Optimización de la cadena de suministro de atención médica

William Danon y Luka Yancopoulos son mejores amigos. También son socios comerciales.

El dúo, que recibió este año el Premio a la innovación del presidente (PIP) para Grapevine, se conocieron durante el segundo año, se conectaron a través del compañero de cuarto de Yancopoulos. A medida que pasaba el tiempo, hacían todo juntos: cocinaban, jugaban baloncesto y leían y discutían novelas de fantasía.

“Pasamos mucho tiempo juntos”, dice Danon.

Entonces, era natural que cuando llegara el momento de iniciar una empresa real, lo hicieran juntos.

“Son como hermanos, en muy buen sentido”, dice el mentor. David Meanney de El Escuela de Ingeniería y Ciencias Aplicadas, quien califica su dinámica de trabajo como “complementaria”. “Creo que eso les servirá bien. La mayor parte de lo que hacemos en la facultad es colaborativo, y veo elementos de eso en su asociación. Les doy crédito por salir y hacer algo inusual y seguir haciéndolo”.

Cómo surgió Grapevine

Grapevine es una solución de software y una plataforma de redes profesionales que conecta a los actores pequeños y medianos en la cadena de suministro de atención médica. Es una especie de solución doble: ayuda a instituciones como los sistemas hospitalarios a conectar internamente operaciones inconexas como la adquisición y la gestión de inventario, pero también sirve como enlace entre estas instituciones y los proveedores de equipos médicos.
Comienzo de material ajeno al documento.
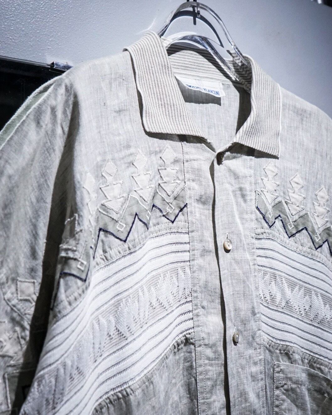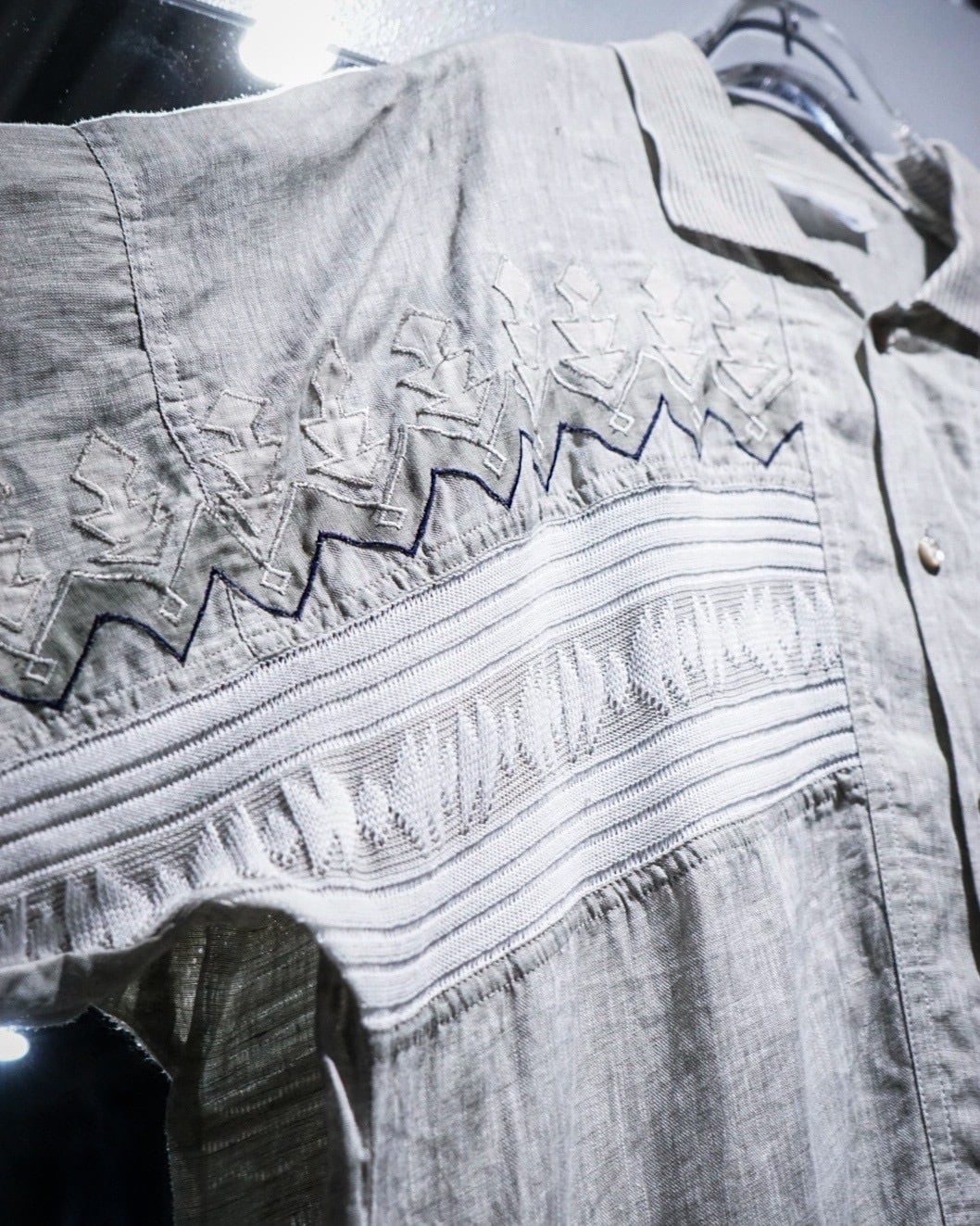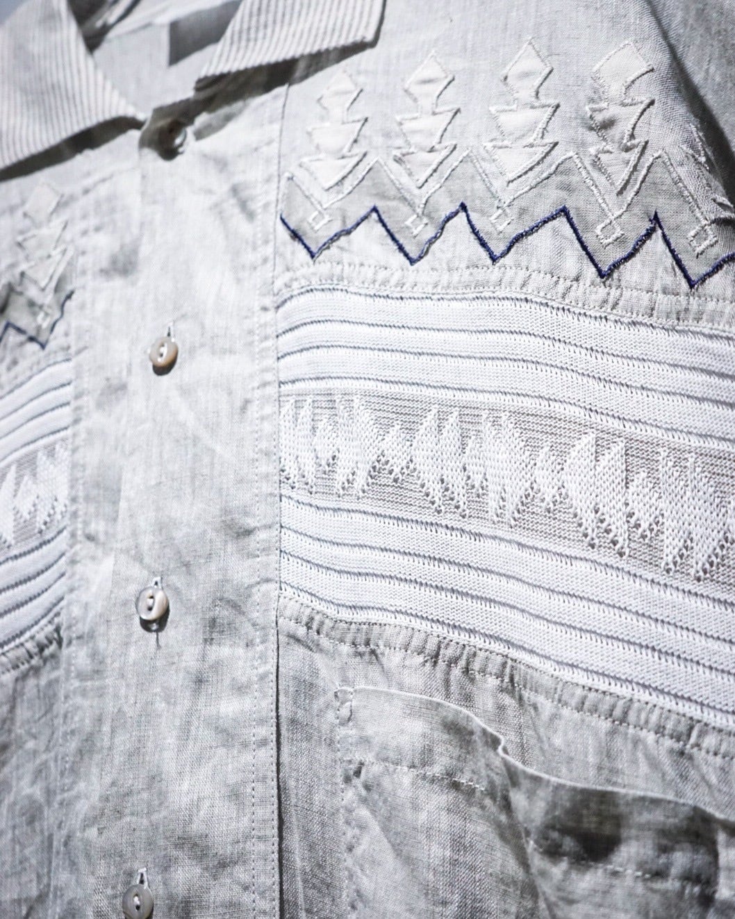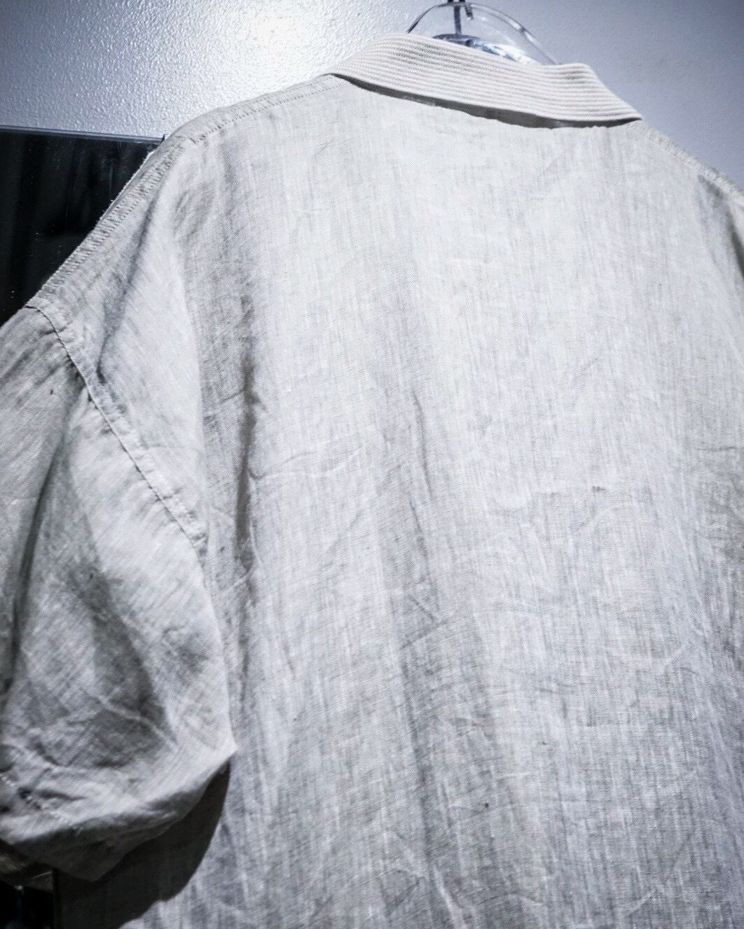 渋い風合いを醸し出すリネン素材を用いたグレーカラーをベースとし、胸元には上品且つアーティスティックな柄を施した半袖シャツ。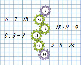 | (40 - 8) : 4 | 5 • 6 : 3 |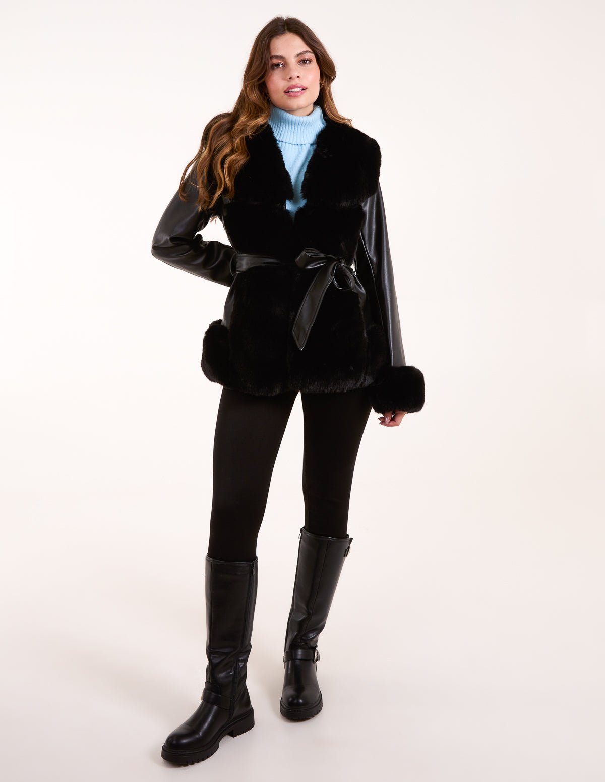 Keep warm, cosy and super stylish this Winter, wearing our lavish faux fur leather look jacket. This jacket will add a touch of style with whatever it’s teamed with.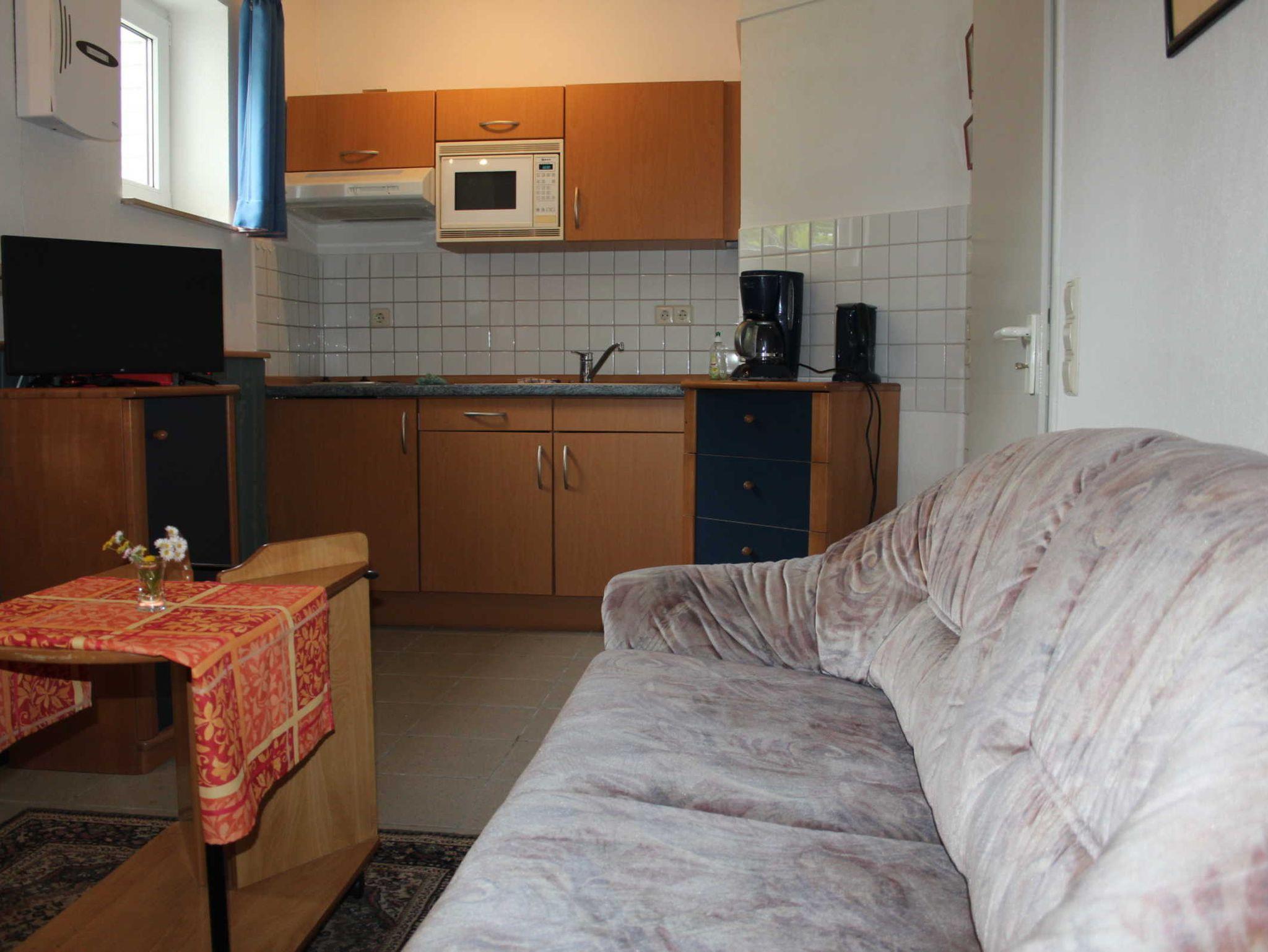 Das 25 Quadratmeter grosse Appartment ist ausgestattet mit einem kombinierten Wohn- und Schlafbereich (mit einem Doppelbett), einer offenen Küche und einem Duschbad.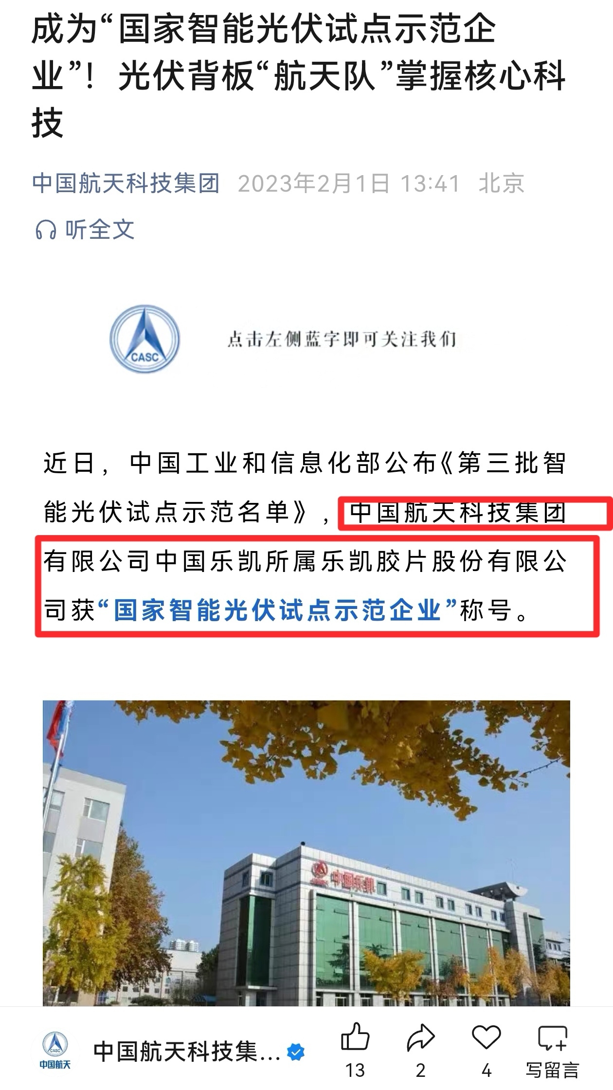$航天动力(SH600343)$ $航天发展(SZ000547)$ $航发科技(SH600391)$ 中国航天科技集团官网:光伏背板"航天队"掌握核心科技!其实航天科技集团控股公司--乐凯胶片才是真正的太空光伏概念吧??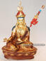 In this 8.75” Guru Padmasambhava Sculpture, Guru Padmasambhava embodies the ultimate attainment of the Vajrayana and the power, both temporal and spiritual, associated with this peerless attainment. These powerful attributes show Guru Rinpoche wearing an expression of great force and concentration while holding various implements of power such as the Vajra scepter, skull – cup and trident staff called Kathvanga. His right hand brandishes a Vajra, while the left hand, resting on his lap, supports the Vase of immortality. Guru Rinpoche is dressed not only in the robes of a monk but also in the garments of a king to indicate that Guru Rinpoche is a member of both worldly and religious royalty. |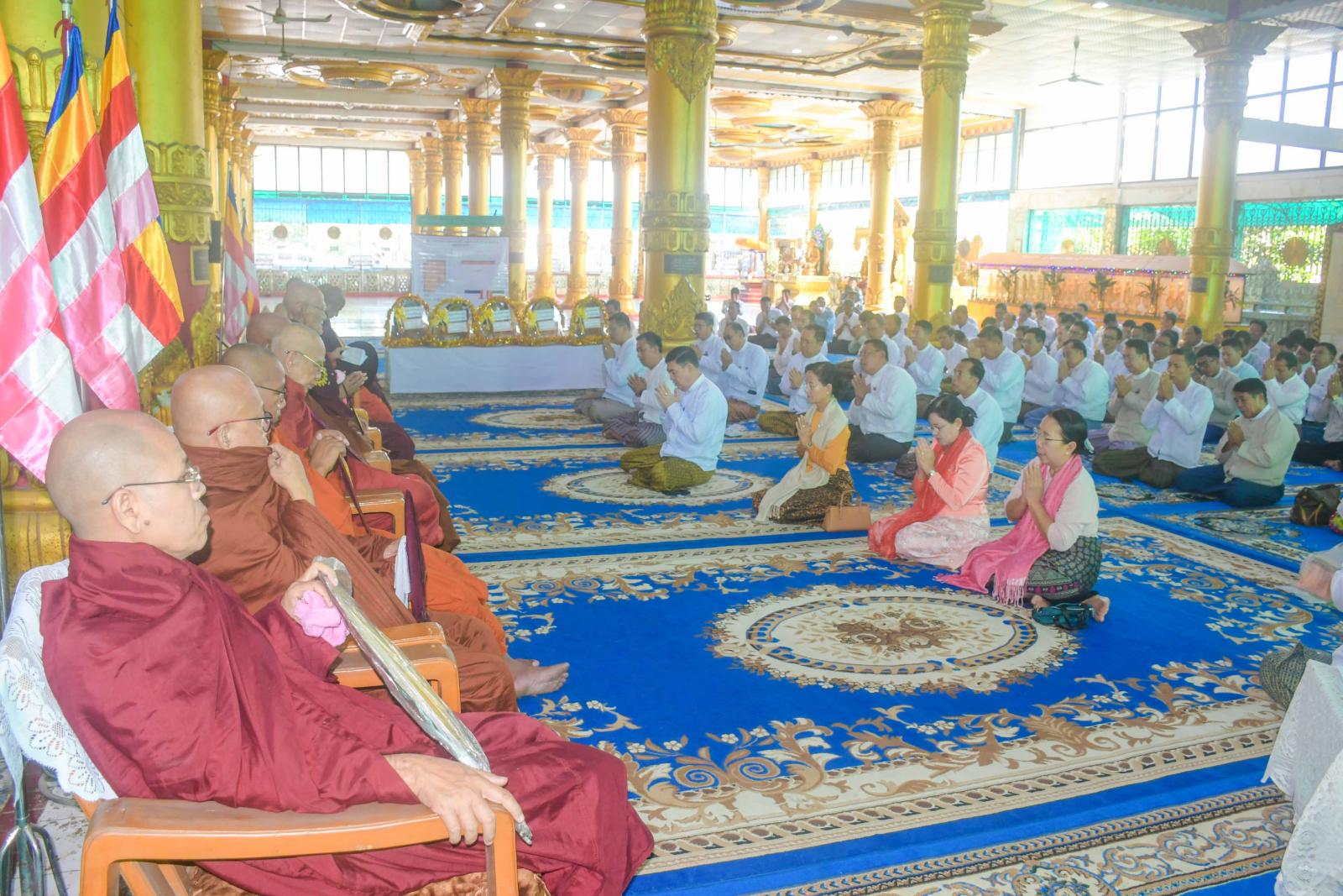 ဆက်လက်၍ မြို့နယ်ဩဝါဒါစရိယ၊ စစ်တွေမြို့၊ တပ်ဦးဆုတောင်းပြည့်ပရိယတ္တိစာသင်တိုက် ဆရာတော် အဂ္ဂမဟာသဒ္ဓမ္မဇောတိကဓဇ၊ အဂ္ဂမဟာဂန္ထဝါစကပဏ္ဍိတ ဘဒ္ဒန္တဉာဏဝံသ မဟာထေရ်မြတ်ထံမှ ပြည်နယ်ဝန်ကြီးချုပ်အမှူးပြုသော ဧည့်ပရိသတ်များက ငါးပါးသီလခံယူ ဆောက်တည်ကြပြီး သံဃာတော် အရှင်သူမြတ်တို့က ပရိတ်တရားတော်များကို ရွတ်ပွားချီးမြှင့်တော်မူကြသည်။

“William y Luka son emprendedores impulsados ​​por el impacto cuyas sinergias colaborativas los llevarán lejos”, dice Penn. Presidente interino Wendell Pritchett. “El software proporcionado por Grapevine está preparado para reinventar la forma en que la industria del cuidado de la salud compra y vende suministros y servicios médicos y, verdaderamente, no podría llegar en un momento más oportuno”.

La compañía es la evolución de un proyecto que comenzaron al comienzo de la pandemia de COVID-19, llamado Pandemic Relief Supply, que entregó $20 millones en suministros para el cuidado de la salud a los trabajadores de primera línea.

“Mi mamá era enfermera practicante en el Hospital Presbiteriano de Nueva York, el hospital más grande de los Estados Unidos, y regresaba a casa con historias de terror”, recuerda Yancopoulos. “En cirugía o urgencias, un cirujano tenía que ponerse una bolsa de basura porque no tenían bata. Y le dieron una mascarilla para usar durante el resto del mes, y estoy viendo en las noticias, ‘No use una mascarilla por más de tres días’”.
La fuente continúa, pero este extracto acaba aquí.